Tutorial Part 8: Introduction to Model Interpretability

In the previous sections of this tutorial series, you have learned how to train models with DeepChem on a variety of applications. You have also learned about modeling the uncertainty associated with a model. But we have not yet really studied the question of model explainability.

Often times when modeling we are asked the question -- How does the model work? Why should we trust this model? My response as a data scientist is usually "because we have rigorously proved model performance on a holdout testset with splits that are realistic to the real world". Oftentimes that is not enough to convince domain experts.

LIME is a tool which can help with this problem. It uses local perturbations of featurespace to determine feature importance. In this tutorial, you'll learn how to use Lime alongside DeepChem to interpret what it is our models are learning.

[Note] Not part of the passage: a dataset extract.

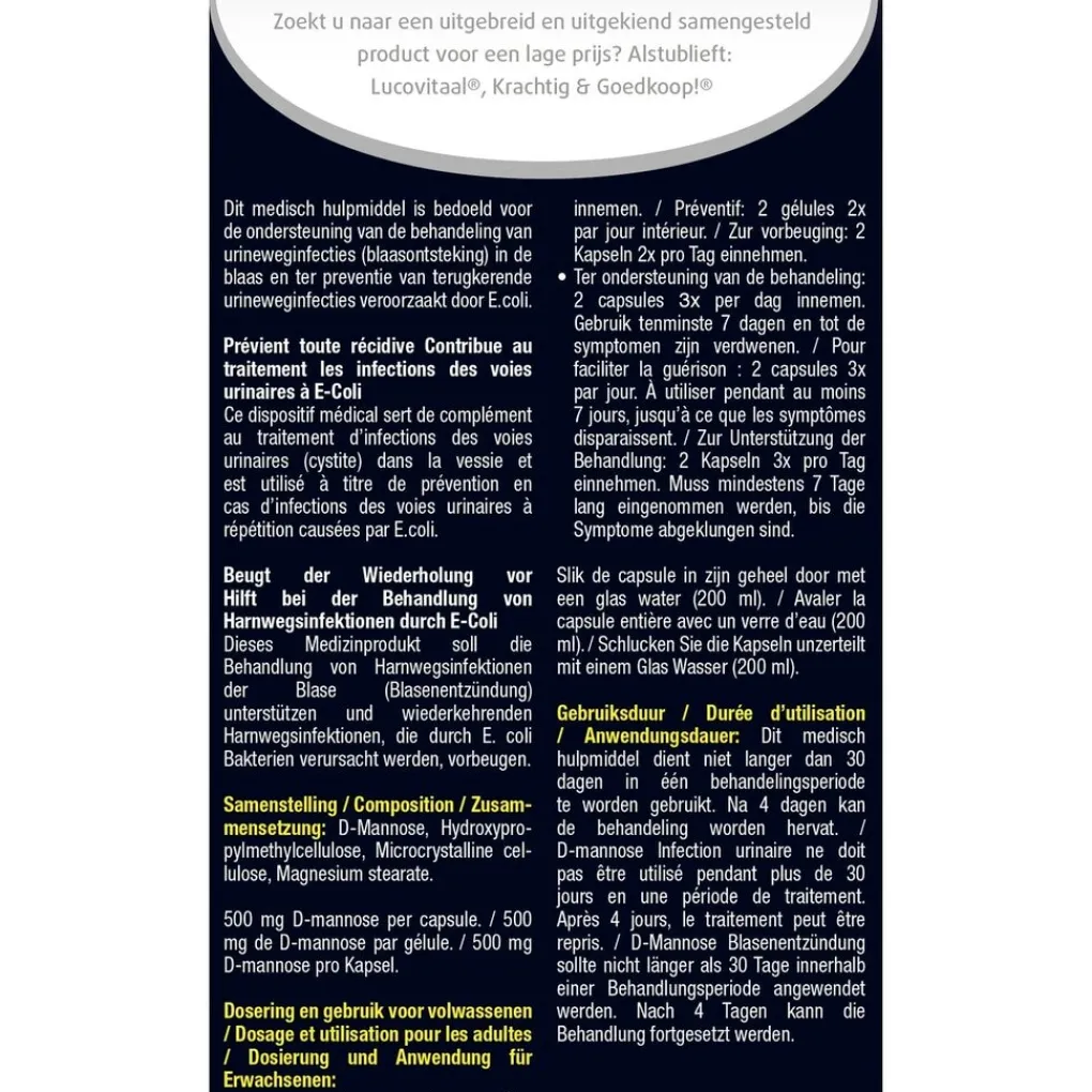 Ingrediënten: D-Mannose, Hydroxypropylmethylcellulose, Microcrystalline cellulose, Magnesium stearate.

So if this tool can work in human understandable ways for images can it work on molecules? In this tutorial you will learn how to use LIME for model interpretability for any of our fixed-length featurization models.

Colab

This tutorial and the rest in this sequence are designed to be done in Google colab. If you'd like to open this notebook in colab, you can use the following link.

Setup

To run DeepChem within Colab, you'll need to run the following cell of installation commands. This will take about 5 minutes to run to completion and install your environment.


In [1]:
%tensorflow_version 1.x
!curl -Lo deepchem_installer.py https://raw.githubusercontent.com/deepchem/deepchem/master/scripts/colab_install.py
import deepchem_installer
%time deepchem_installer.install(version='2.3.0')


TensorFlow 1.x selected.
  % Total    % Received % Xferd  Average Speed   Time    Time     Time  Current
                                 Dload  Upload   Total   Spent    Left  Speed
100  3477  100  3477    0     0  34425      0 --:--:-- --:--:-- --:--:-- 34425
add /root/miniconda/lib/python3.6/site-packages to PYTHONPATH
python version: 3.6.9
fetching installer from https://repo.continuum.io/miniconda/Miniconda3-latest-Linux-x86_64.sh
done
installing miniconda to /root/miniconda
done
installing deepchem
done
/usr/local/lib/python3.6/dist-packages/sklearn/externals/joblib/__init__.py:15: FutureWarning: sklearn.externals.joblib is deprecated in 0.21 and will be removed in 0.23. Please import this functionality directly from joblib, which can be installed with: pip install joblib. If this warning is raised when loading pickled models, you may need to re-serialize those models with scikit-learn 0.21+.
  warnings.warn(msg, category=FutureWarning)
WARNING:tensorflow:
The TensorFlow contrib module will not be included in TensorFlow 2.0.
For more information, please see:
  * https://github.com/tensorflow/community/blob/master/rfcs/20180907-contrib-sunset.md
  * https://github.com/tensorflow/addons
  * https://github.com/tensorflow/io (for I/O related ops)
If you depend on functionality not listed there, please file an issue.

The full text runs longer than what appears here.